Thanks to Dee for this follow-up article to the previous post on the practical challenges to integration. This article continues the discussion on mental health that was touched on previously. Through the research project mentioned in the article, this post identifies a number of mental health service issues that many refugees and asylum seekers can relate to.
Disjointed mental health service provision for refugees and asylum
seekers
My previous blog looked at some of the practical challenges faced as asylum seekers transition
to new refugee status such as ineffective multiagency working, resulting in
gaps in service provision, and problems in obtaining ID documents and variations
in the types of ID accepted by different organizations.
I now look at some of the challenges experienced
by refugees and asylum seekers in accessing and using mental health services. A
2008 report published by the Faculty of Public Health, “The health needs of asylum seekers”, highlighted
some of the issues faced by both asylum seekers accessing health services, and
health service providers providing health services for asylum seekers. These
include frontline staff with limited training in
cultural and language differences, limited knowledge of the different service
needs of asylum seekers, a lack of interpreting services, and ineffective
multiagency working.
More recently Leeds NHS commissioned Positive Action for Refugees and Asylum Seekers
(PAFRAS) and the Touchstone BME Community Development team to undertake a participatory research project: “Understanding how
asylum seekers and refugees access and experience mental health support in
Leeds". Nine focus groups (thirty-six participants) and fifteen one-to-one
interviews with refugees and asylum seekers were used to better understand their
experience of mental health services. Eight key themes were identified:
1. Inadequate/insufficient professional assistance
(e.g. a more holistic approach to physical and mental health would be
preferred).
2. Problems with appropriate referrals and a long
waiting time.
3. Inadequate or confusing information for refugee and
asylum seeker clients (e.g. the need for a “one-stop shop”).

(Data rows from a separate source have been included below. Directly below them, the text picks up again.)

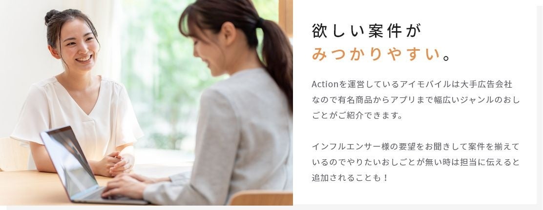 | ■Action登録方法 ★インフルエンサー様の新規ご登録はこちら https://action.i-mobile.co.jp/lp/partner/index.html?mid=202305_press_if ★インフルエンサーにプロモーションをご依頼されたい企業様はこちら https://affiliate.i-mobile.co.jp/advertiser/action/?mid=202305_press_cl |
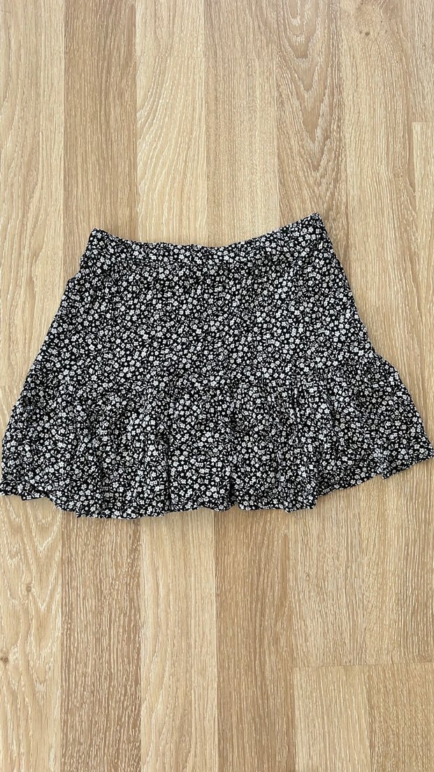 Fırfırlı detaylı, siyah beyaz tie-dye desenli, gevşek kesim mini etek. Yumuşak sentetik kumaştan, rahat dış mekan kullanımı için uygun.
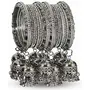 NMII Oxidized Base Metal With Zircon Gemstone Studded Glossy Finished Latkan Linked Kaleere Bangle set for and Girls 2.4 Metal Zircon Gemstone
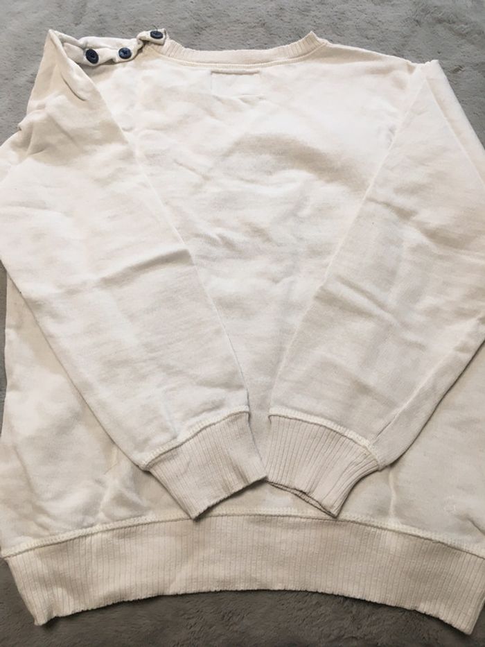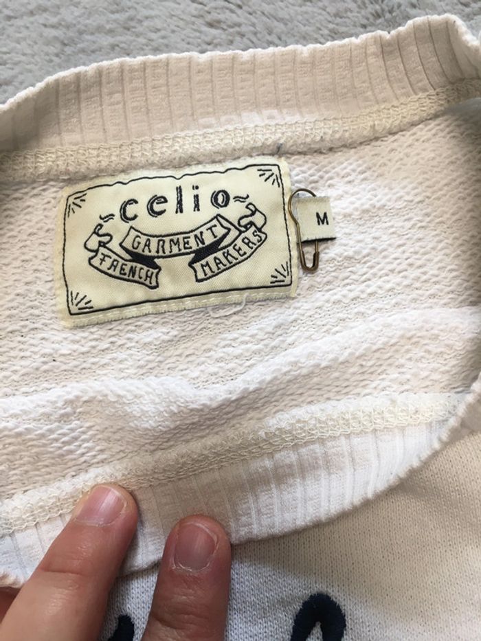 pull Celio blanc avec inscription bleu marine 3 boutons au col taille M bon état avec une petite tache au bas montrée sur une photo et quelques petites bouloches remise activée sur lot envoi uniquement mondial relais ou relais colis #framboise83homm

4. Clients’ values and beliefs (e.g. the stigma of
mental illness and confidentiality issues).
5. Clients’ needs and expectations (potential mismatch
with what the mental health team can provide).
6. Engagement (e.g. lack of trust in mental health
professionals and prioritizing housing and other needs over mental health
issues).
7. Socio-cultural isolation (e.g. refugees and asylum
seekers need to be given a greater voice in their mental health care).
8. The perceived effect of immigration status on the quality
of care provided.
These
barriers and disjuncture in easily accessing mental health services undermines
the mental health and psychosocial wellbeing of refugees and asylum seekers,
and delays their adjustment to a new life in the UK. As the researchers on this project said for mental health services and
support in Leeds, “Our future lies in greater collaboration, and sharing what
we have with one another.”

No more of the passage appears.